About 12 vulnerabilities have been fixed by Adobe, which were found in Creative Cloud, Media Encoder, Genuine Service, ColdFusion and Download Manager products.
As the company stated in announcement released on vulnerabilities, its version Download Manager addressed to Windows, contained a critical issue command injection, which could lead to arbitrary execution code. Adobe has fixed it.
In addition, two equally critical vulnerabilities out-of-bounds write in his publications Media Encoder for Windows and MacOS, which can lead to arbitrary code execution and one error seriousness that may lead to information disclosure, repaired by the company.
Adobe also fixed a critical vulnerability in the application Creative Cloud desktop. The security vulnerability described as vulnerability symlink, can allow one intruder to write arbitrary files to the target system. Three other vulnerabilities identified in the application, which were identified as critical, may allow privilege escalation by a malicious agent in the system.
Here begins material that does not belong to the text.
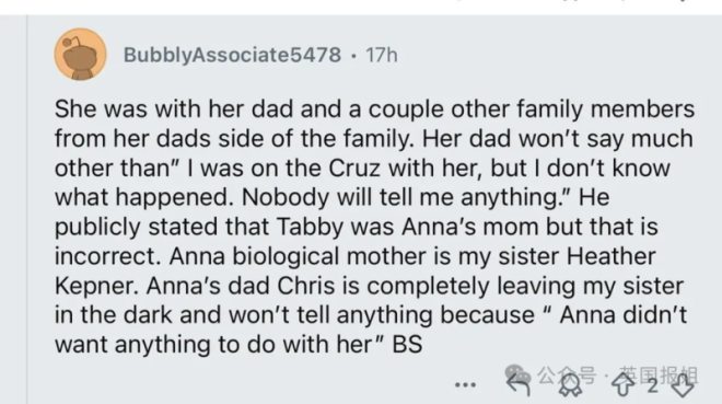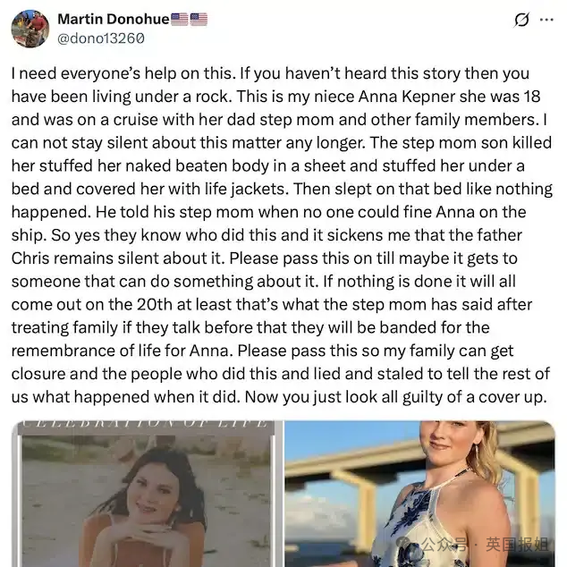 最近,美国一艘嘉年华游轮上发生的一起离奇死亡事件,引发了外网的震动与猜测。 年仅 18 岁的啦啦队队长安娜·开普纳,和家人一起踏上了为期六天的加勒比海度假之旅。 然而,在游轮航行至墨西哥与佛罗里达之间的国际水域时,工作人员清洁舱房,发现了她的尸体——女孩的身体被毯子紧紧包裹,外面又压着救生衣,整个人被塞进床底………… 这起如同“暴风雪山庄”一样的游轮死亡案件,引发强烈关注,FBI第一时间涉入。 她被发现时的状态太过反常,让调查人员第一时间怀疑是凶杀。 此外,同游家人的关系相当复杂,包括亲生父亲、继母、亲弟弟妹妹还有继母带来的孩子们。 更让讨论升温的是,有一名自称是她舅舅的男子在社交媒体发声,公开指责家族内部有人隐瞒真相…… 原本信息匮乏的案件迅速被卷入各种阴谋推测,成为近期美国最受关注的悬案之一。 在其他人口中,安娜是人见人爱的“小太阳”。 她人缘很好,老师和同学们都在称赞她——活泼、开朗、明亮、心地善良,总能让周围的人振奋起来。她是体操队主力、啦啦队队长,存在感很强。 朋友们亲切地称她为“Anna Banana安娜芭娜娜”,说她非常贴心、很会照顾人,非常善于为她人着想。 “如果她去朋友或家人家里,看到水槽里有碗,她一定会自觉去洗,从不求回报。” 与此同时,安娜的成绩也非常好,今年就要从高中毕业,对未来的人生道路有着清晰的规划。 她早早决定高中毕业后参军,之后回到家乡当警察,最好能加入养警犬部门——她一直说自己的愿望是保护别人,让家乡更安全。 不过,过去几个月里,安娜似乎经历了一次失恋。 她最后一条 TikTok 中写道:“我祝愿你幸福,即使你的幸福与我无关。” ![]() ![]() 也许正因为如此,家人决定带她外出散散心。而安娜最喜欢的旅行方式就是坐游轮。 六个月前,她乘坐“嘉年华地平线号”,那时她拍过一条视频,配文写着:“我想再来。” 于是,这一次,她的家人选择陪她再次登上嘉年华地平线号游轮…… 根据报道,这艘“嘉年华地平线号”游轮于2025 年 11 月 2 日从迈阿密出发,开启为期六天的加勒比海航程,预计在11 月 8 日返回。 随行的家庭成员虽未被官方完整披露(尤其涉及未成年人),但从多家媒体与家属公开信息中,大致可以还原同行阵容: 1. 安娜本人 2. 41岁的父亲克里斯托弗 3. 最近刚刚和克里斯托弗结婚的36岁继母香特尔。 4. 安娜一起长大的弟弟妹妹(同父同母或同父异母) 4. 继母香特尔带来的孩子们(外界推测包括 Andrew 与 Timothy,但官方未证实) 根据报道,继母香特尔有三个孩子,其中两个与她同住,这两个孩子很可能与安娜一家共同登船。 11 月 6 日,也就是整个航程的倒数第三天,安娜在晚餐时突然感觉身体不适,于是提前离席,独自返回了自己的舱房休息。 然而第二天清晨,当她父亲召集全家一起吃早餐时,安娜却始终没有出现。 家人一开始以为她睡过头了,但敲门无人应答后。他们在船上各层甲板、泳池区、娱乐设施以及可能她会去的地方反复寻找,却始终一无所获。 直到11 月 7 日上午约 11 点,一名负责清洁的女佣进入安娜的舱房打扫,才意外发现了她的遗体。 根据媒体描述,安娜的遗体被毯子紧紧包裹,外层压着数件救生衣,整个人被塞进床铺底下。 ——这是一个与任何“突发疾病”、“意外摔倒”都毫无相似之处的死亡现场。 在安娜被发现后的数小时,船上的气氛急速紧绷,船员在房间外拉起隔离带,FBI 在船靠岸后立刻登船。 所有乘客被要求提前下船,而家属被集中问话、单独带走记录口供。 父亲克里斯托弗说: “我们一家人当时都在那里。每个人都被盘问了。所有人都下了船。我不知道他们在调查谁,也不知道他们的调查内容是什么、” “联邦调查局目前还没有跟我透露任何信息。我想他们之后会联系我的——但我跟其他人一样,对此一无所知。” “我现在完全不知道发生了什么。我们只能静观其变,等待答案。” ![]() 而面对网上的猜测,安娜的父亲恳求互联网不要打扰他们,安娜的继母则从头到尾都没有发声。 “我不得不把世界隔绝在外。我不再看电视了。我们真的不得不停止接触互联网。“ “我们是非常低调的人,生活被彻底颠覆了。” 最开始,有人认为可能是船上陌生人犯案,但由于死者被塞在舱房床底,这个理论逐渐被认为不太可能。 也有人怀疑安娜可能被船上的工作人员盯上了。 “船上都有监控,能拍到谁进出!为什么需要这么久来断案?” “我打赌是(知道监控位置的)船工。” ![]() “有些工作人员绑架女性并对她们施暴。” “像安娜这样的年轻女性就是船工的目标,很容易在她们的饮料里动手脚,然后把她们藏到船上的某个地方。另外,我不信任船上的一些工作人员。抱歉,但我就是不信任。” ![]() “我猜,很可能是某个船员——她也许跟他有点暧昧。她还年轻,会信任对方,让他进了自己的房间,然后事情就从那里急转直下。 他把她的尸体塞到床底下,可能是想等到合适的时机把她扔到海里。” ![]() 也有一些人则是怀疑安娜的家人。 “看起来她当时并没有和家里其他人住在同一个房间。 她因为觉得不舒服提前离开了晚餐,但直到第二天早上 11 点左右被工作人员发现之前,家里似乎没有任何人在寻找她?” ![]() “太奇怪了,她因为不舒服提前离开晚餐,然而到第二天之前都没有人检查过她的情况?这是什么样的

Some privilege escalation defects that have also been identified as critical have been corrected in the service Adobe Genuine Service for Windows and macOS. These vulnerabilities are caused by "unsafe library loading" and "mismanagement of symbolic links".
In ColdFusion In 2016 and 2018, Adobe has also fixed two major DLL breach vulnerabilities that could lead to escalation of privileges. The company stated that it did not identify any exploitation of the above vulnerabilities by malicious agents, while based on their ranking in terms of priority, it does not consider it very likely that they will be targeted by an attacker.